I swam in his brown eyes. I saw the need there to believe anything that didn't point to him and killing. The grasping at straws to make sense of what happened to him. Anyone would want that. Anyone would need answers. Just like I needed answers.
And I was going to get them from Medbh.
"I can't say right now. But here"—I pulled the glass container from my jacket and put it in his hands—"if you can, in any way, put this on Rose's wounds. It'll help."
"Will it make her live?"
I blinked. "No. But it will help her…it will ease the pain." I wanted to tell him it would slow the poison, but that was more than he needed to know.

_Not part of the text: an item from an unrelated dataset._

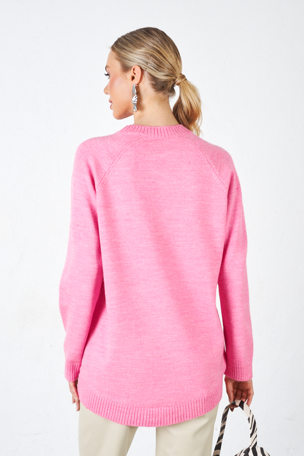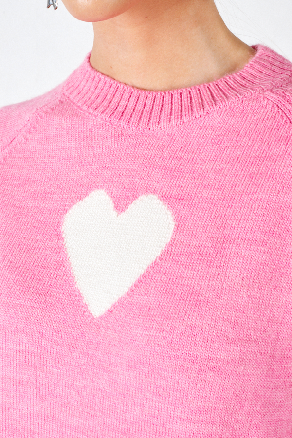 Джемпер свободного силуэта с узором «сердце» в области груди. Низ изделия асимметричной длины (спинка удлинена относительно переда). Длинный рукав-реглан. Круглый вырез горловины, низ изделия и низ рукава оформлены резинкой. Изделие выполнено из мягкой меланжевой пряжи.

He sat back and unscrewed it. It was yellow and had the consistency of Vicks Vapor Rub. "It smells nice."
"It's something my aunt made. All natural. You don't have to do it, but if you want to—"
"No, I'll do it." He closed it and slipped it into his pocket. "I should get back to her. They'll let me in the room now. It's nearly noon."
I needed to go too. I'd left Grey alone too long and it was time to confront Medbh. I had patchouli and a serious case of irritated. We said goodbye at the ICU station, and I half ran back to the elevator and then out to the Jeep. Still no rain and Grey was happy to see me.
Traffic was as it always was, but worse. It was Halloween so all the freaks were out, even at mid-day.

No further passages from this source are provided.